Выстроили Городище по приказу Рюрика, ещё в 864 году — Олег был тому свидетелем. Именно из Городища Рорик, сын Регинхери, вагирского рейкса, и сам рейкс,[167] прозванный росами Рюриком, и направил малую дружину — охранять караван купеческих судов, спускавшихся по Итилю в арабский Абесгун. С тем караваном и Олег с Пончиком отбыли, а обратно не прибыли — переметнуло их в год 921-й.

И всё же закладку Городища Сухов застал. Место для города было идеальное — отсюда можно было контролировать и Волхов, и весь Ильмень, достигая Ловати и Шелони, и волоков на Днепр и Двину. Правда, главной причиной основания Городища было вовсе не развитие торговли, а укрепление власти на местах — венды, теснимые на родине не в меру ретивыми саксами, массами переселялись на Ильмень, и Рюрику важно было наложить лапу на здешнюю вольницу, установить закон и порядок. Отсюда он грозил всем, кто не был послушен его власти.

Новгород возник лет на пятьдесят позже, поэтому городчане посматривали на новогородцев свысока, как на братьев своих меньших.

— Ходу, ходу! — закричал Александр Ярославич.

Дружина прибавила скорости, и вот уж могучая проездная башня загудела от топота копыт.

На территории Городища князь заметно расслабился — здесь он хозяин, и посадник ему был не указ.

Выбежавшие отроки — молодшие воины — подхватили под уздцы коней и повели их расседлывать, чистить и кормить. Сухов с Пончевым только баксоны сняли — Александр перекинул через плечо две сумы, а Олег — все восемь.

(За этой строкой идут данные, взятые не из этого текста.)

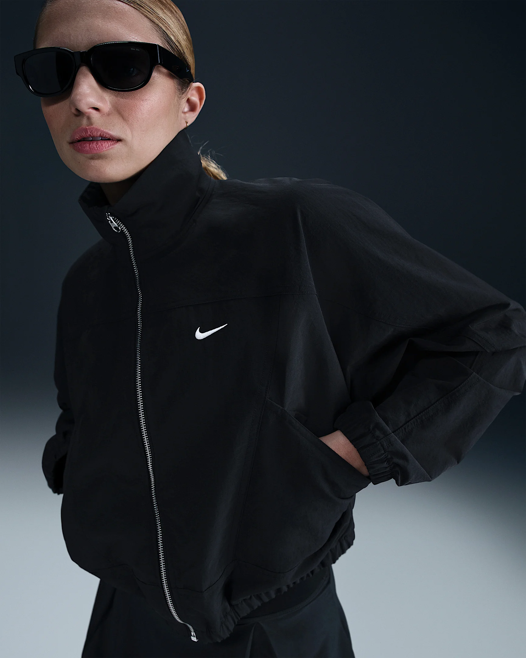 Simplicity and functionality come together in this lightweight jacket. Textured, water-repellent nylon and an elongated collar help keep you covered come rain or shine. Angled seams and a cropped length add dimension to the oversized fit. Benefits - Water-repellent finish helps keep you dry in wet weather. - Oversized fit makes layering easy. Product Details - 100% nylon - This product provides UVA and UVB protection from the sun only in the areas covered by the garment. To protect exposed areas, the use of good quality sunscreen is recommended. - Silver metal zipper - Side-seam pockets - Elastic at cuffs and hem - Embroidered Swoosh logo on left chest - Machine wash - Imported - Shown: Black/White - Style: HJ0999-010 SIZE & FIT Model is wearing size S and is 5′10″178cm Oversized fit: exaggerated and spacious

— Тяжело? — спросил Пончик.

— Своя ноша не тянет, — прокряхтел Сухов.

Княжеский тиун, ведавший всем хозяйством, сопроводил обоих посланников в отведенные им покои — стены из прочно пригнанных плах, двери со скруглённой притолокой, порожцы высокие. Окна глубоко утоплены под тройным резным карнизом, узорная кровля бросала затейливую тень.

— Нам бы в баньку, — просительно сказал Шурик.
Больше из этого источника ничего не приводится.